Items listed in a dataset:

○ ○ ○

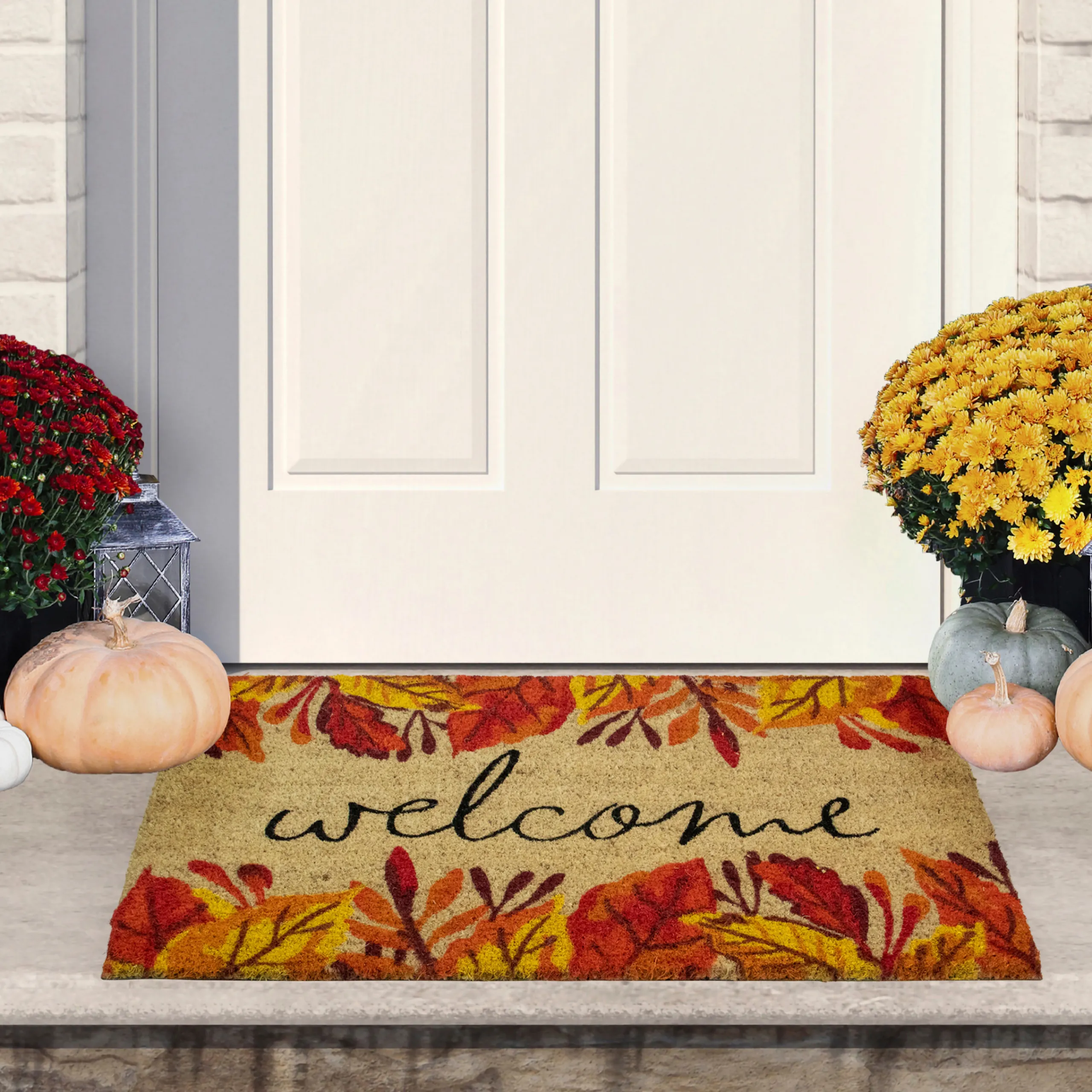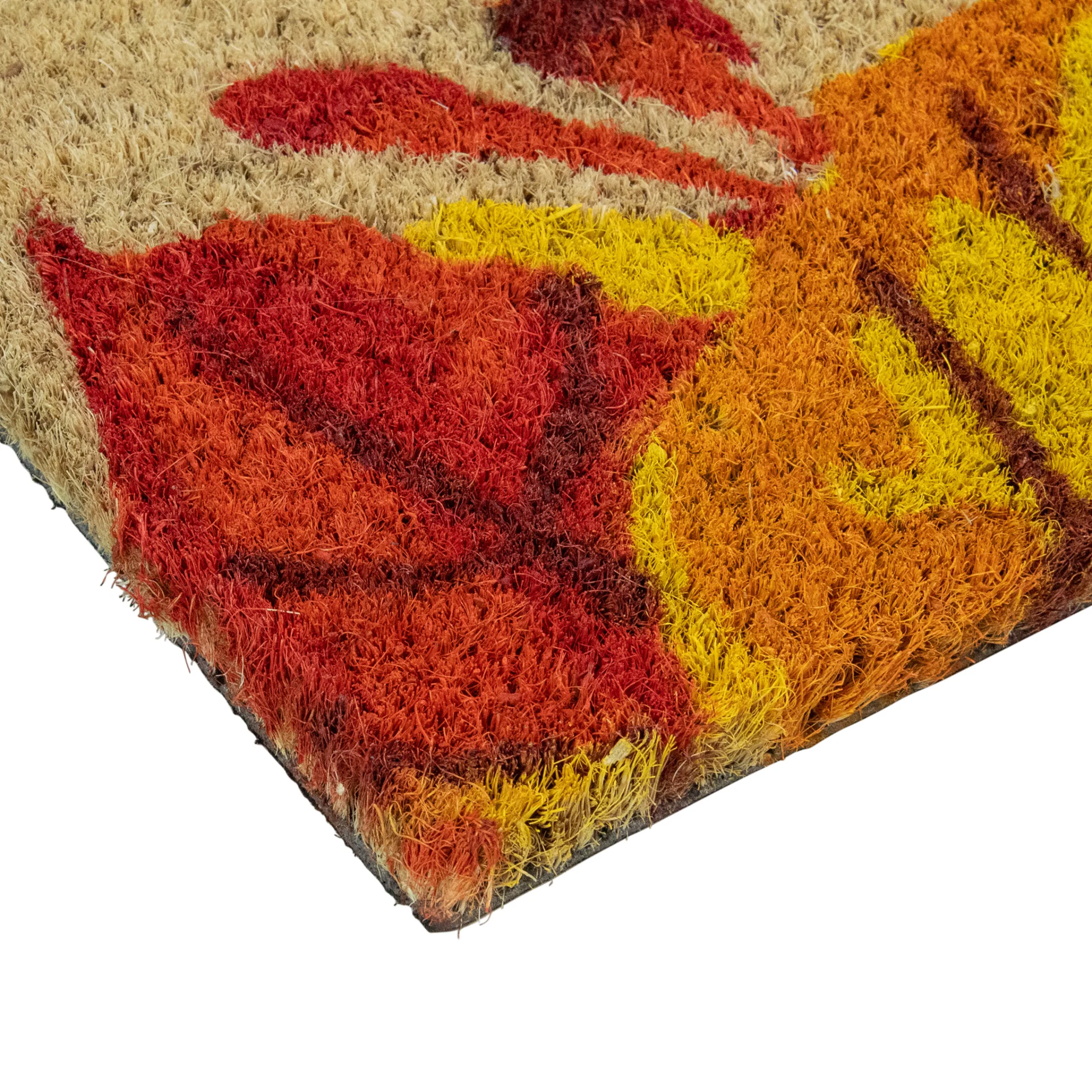 Enhance Your Doorways With This Outdoor “Welcome” Doormat While Also Protecting Your Floors And Carpets From Outside Debris. It Will Add A Bright Pop Of Color With Its Leaf Design While Doing Double-Duty Trapping In Dirt And Moisture. Made From Durable Materials Coir Brush Mat Fibers, It Will Withstand Your Family And Friend’s Foot Traffic.
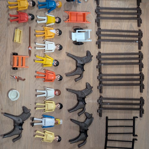 Gammelt Playmobil kender i årstallet fire heste 12 figurer og de dele du ser på billederne
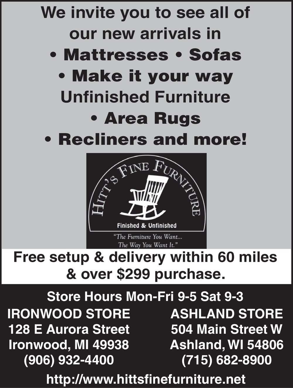 Ads for Hitt's Fine Furniture in Ashland, WI
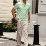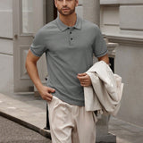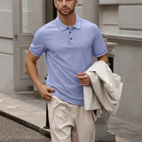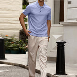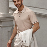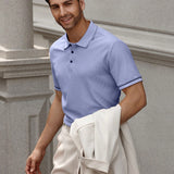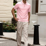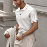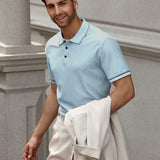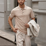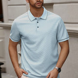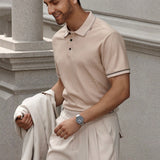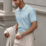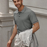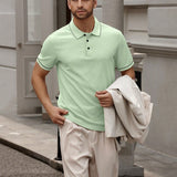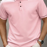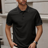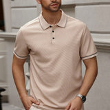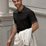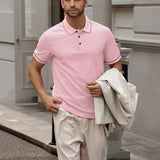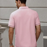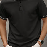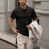 Manfinity bizformal camisa polo de manga corta con botones y cuello para hombre, con ribete de contraste, para uso casual en el trabajo y el ocio en verano
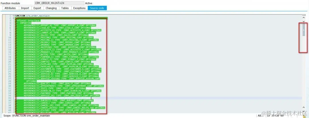 起初我采用的方式是在API里设置断点,然后在ABAP调试器里检查。很快我发现这样效率很低:CRM开发顾问都知道,像CRM_ORDER_MAINTAIN/READ这种API, 输入输出参数个数特别多,在ABAP 调试器里得选中一个双击进去看,看完了得点回退再双击看另一个。如果要把API所有的参数全部检查完,总共要点一百多次鼠标。
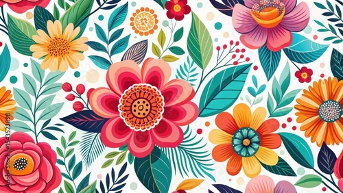Vibrant Floral Design Featuring a Colorful Array of Blossoms and Lush Greenery, Perfect for Textiles, Wallpaper, or Festive Decorations
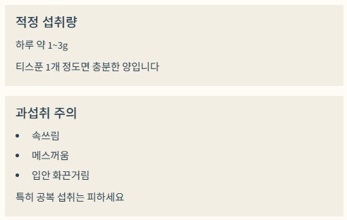 - 먹는 방법: 차, 요거트, 요리, 라떼 등 다양
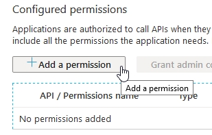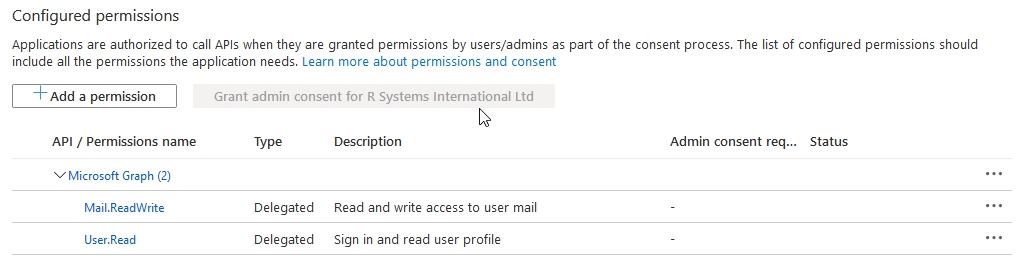 Isso adicionará a permissão Mail.ReadWrite à lista de Configured permissions para o App.
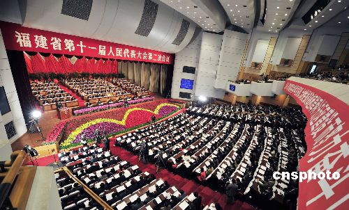 一月十日,福建省第十一屆人民代表大會第二次會議在福州開幕。福建省省長黃小晶在會上作政府工作報告時指出,二00九年福建將積極擴大“三通”效應(yīng),提升閩臺經(jīng)貿(mào)合作水平,促進閩臺文化交流雙向互動。中新社發(fā) 劉可耕 攝

○ ○ ○

What you have to do: An exact copy is needed of the entries above, starting at the line that holds "Vibrant Floral Design" and stopping at the line that holds "Isso adicionará a", both kept; pictures stay out.

Solution:
Vibrant Floral Design Featuring a Colorful Array of Blossoms and Lush Greenery, Perfect for Textiles, Wallpaper, or Festive Decorations
 - 먹는 방법: 차, 요거트, 요리, 라떼 등 다양
 Isso adicionará a permissão Mail.ReadWrite à lista de Configured permissions para o App.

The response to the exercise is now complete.